Technical Indicators: Includes standard indicators (RSI, MACD, Moving Averages, Bollinger Bands) and advanced tools like Ichimoku Clouds, SuperTrend, Fibonacci Retracements, and more.
Machine Learning Integration: Uses LSTM-based models for time-series forecasting and momentum strategies, combined with indicator signals through weighted evaluation.
Dynamic Signal Weighting: Customizable signal weighting for patterns, indicators, and ML predictions with automatic adjustments to market volatility.
Trade Execution Engine: Supports long/short positions with stop-loss, take-profit, and trailing stop features. Automatically includes fees and tax deductions in profit calculations.

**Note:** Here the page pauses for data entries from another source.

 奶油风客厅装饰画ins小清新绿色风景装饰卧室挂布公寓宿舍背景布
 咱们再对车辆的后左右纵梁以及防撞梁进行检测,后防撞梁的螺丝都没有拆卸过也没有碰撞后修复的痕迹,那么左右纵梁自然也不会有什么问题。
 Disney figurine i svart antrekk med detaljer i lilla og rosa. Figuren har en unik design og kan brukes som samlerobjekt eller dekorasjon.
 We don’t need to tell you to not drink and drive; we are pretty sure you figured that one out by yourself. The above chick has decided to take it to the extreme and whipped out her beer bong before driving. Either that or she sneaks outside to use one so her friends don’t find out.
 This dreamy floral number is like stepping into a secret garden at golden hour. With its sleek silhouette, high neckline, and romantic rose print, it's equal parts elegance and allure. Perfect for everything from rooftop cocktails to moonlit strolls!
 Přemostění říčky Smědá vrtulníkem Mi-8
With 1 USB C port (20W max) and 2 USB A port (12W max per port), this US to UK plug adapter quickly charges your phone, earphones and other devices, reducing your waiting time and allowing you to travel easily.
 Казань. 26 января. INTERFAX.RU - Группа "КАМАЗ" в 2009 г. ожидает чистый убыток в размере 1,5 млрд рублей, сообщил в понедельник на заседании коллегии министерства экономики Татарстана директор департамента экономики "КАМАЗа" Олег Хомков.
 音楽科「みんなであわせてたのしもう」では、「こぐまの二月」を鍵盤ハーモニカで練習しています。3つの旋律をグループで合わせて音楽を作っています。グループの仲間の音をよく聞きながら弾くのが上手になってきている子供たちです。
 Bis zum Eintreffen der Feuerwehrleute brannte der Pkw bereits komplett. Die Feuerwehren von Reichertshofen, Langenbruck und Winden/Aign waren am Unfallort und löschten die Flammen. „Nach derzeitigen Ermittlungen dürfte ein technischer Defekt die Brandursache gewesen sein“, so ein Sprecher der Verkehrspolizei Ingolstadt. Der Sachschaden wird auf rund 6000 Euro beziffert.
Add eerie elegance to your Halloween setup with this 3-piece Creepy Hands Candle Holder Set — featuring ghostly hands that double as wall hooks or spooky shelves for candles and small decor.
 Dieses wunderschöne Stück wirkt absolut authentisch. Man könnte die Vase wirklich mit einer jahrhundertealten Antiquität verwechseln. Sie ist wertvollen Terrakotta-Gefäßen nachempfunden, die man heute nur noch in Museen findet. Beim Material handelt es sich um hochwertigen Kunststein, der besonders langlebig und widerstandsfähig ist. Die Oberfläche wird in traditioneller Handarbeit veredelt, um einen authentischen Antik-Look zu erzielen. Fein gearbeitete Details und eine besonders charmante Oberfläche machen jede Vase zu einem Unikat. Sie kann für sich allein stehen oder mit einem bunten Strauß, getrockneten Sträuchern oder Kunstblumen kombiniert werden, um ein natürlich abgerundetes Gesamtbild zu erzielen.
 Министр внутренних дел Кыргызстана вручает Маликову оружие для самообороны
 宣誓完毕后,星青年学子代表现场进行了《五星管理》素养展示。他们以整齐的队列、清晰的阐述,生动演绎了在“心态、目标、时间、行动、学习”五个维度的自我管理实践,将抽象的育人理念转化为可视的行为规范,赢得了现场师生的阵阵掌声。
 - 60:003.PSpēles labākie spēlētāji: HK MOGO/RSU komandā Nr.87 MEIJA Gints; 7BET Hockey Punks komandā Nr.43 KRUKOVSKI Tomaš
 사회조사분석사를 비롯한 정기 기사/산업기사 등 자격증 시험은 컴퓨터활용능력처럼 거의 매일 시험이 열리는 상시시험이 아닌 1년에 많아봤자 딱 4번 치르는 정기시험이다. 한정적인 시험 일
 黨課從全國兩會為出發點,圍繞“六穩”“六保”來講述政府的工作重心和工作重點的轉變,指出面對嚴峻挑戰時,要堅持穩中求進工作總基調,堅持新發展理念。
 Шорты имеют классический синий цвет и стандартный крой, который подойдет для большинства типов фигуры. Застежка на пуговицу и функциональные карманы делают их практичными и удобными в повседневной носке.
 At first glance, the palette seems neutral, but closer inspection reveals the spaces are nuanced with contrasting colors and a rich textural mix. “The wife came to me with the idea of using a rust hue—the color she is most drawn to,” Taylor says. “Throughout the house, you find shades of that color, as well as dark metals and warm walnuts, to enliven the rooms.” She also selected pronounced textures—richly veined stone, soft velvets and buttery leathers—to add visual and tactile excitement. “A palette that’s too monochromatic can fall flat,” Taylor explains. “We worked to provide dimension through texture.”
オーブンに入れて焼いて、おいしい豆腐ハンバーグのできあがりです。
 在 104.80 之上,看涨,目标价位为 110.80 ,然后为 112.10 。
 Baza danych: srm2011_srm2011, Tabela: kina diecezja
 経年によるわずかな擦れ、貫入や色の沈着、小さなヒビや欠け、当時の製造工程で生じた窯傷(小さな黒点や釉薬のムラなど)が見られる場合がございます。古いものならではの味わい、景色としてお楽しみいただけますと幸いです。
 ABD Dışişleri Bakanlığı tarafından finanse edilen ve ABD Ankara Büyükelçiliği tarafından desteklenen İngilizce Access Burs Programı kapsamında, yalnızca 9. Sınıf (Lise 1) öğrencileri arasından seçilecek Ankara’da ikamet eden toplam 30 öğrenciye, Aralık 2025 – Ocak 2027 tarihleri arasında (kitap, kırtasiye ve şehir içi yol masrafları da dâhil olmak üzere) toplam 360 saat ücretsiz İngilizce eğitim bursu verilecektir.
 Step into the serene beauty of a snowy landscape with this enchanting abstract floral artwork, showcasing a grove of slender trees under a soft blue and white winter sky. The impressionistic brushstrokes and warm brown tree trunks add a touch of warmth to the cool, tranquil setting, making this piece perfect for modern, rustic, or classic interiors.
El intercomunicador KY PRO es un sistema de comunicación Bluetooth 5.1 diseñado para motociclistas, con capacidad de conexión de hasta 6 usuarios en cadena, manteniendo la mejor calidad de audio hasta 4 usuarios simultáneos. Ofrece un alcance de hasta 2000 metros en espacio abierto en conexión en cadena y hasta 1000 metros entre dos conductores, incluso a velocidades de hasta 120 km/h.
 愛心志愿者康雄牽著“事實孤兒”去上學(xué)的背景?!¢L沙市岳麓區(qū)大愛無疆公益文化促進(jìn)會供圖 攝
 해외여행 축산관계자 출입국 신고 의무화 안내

Backtesting & Debugging: Simulates strategies on historical data with detailed equity/value curve visualization and comprehensive debug logs.
Robust Error Handling: Detects and logs data inconsistencies, index errors, and processing issues to ensure stability.
Modular architecture with key components such as TraderBot, SignalHandler, PatternManager, IndicatorManager, MLModelHandler, SequenceManager, DataAPI, and CryptoCurrency. Additional support provided by PatternCalculator, IndicatorCalculator, and DataProcessing.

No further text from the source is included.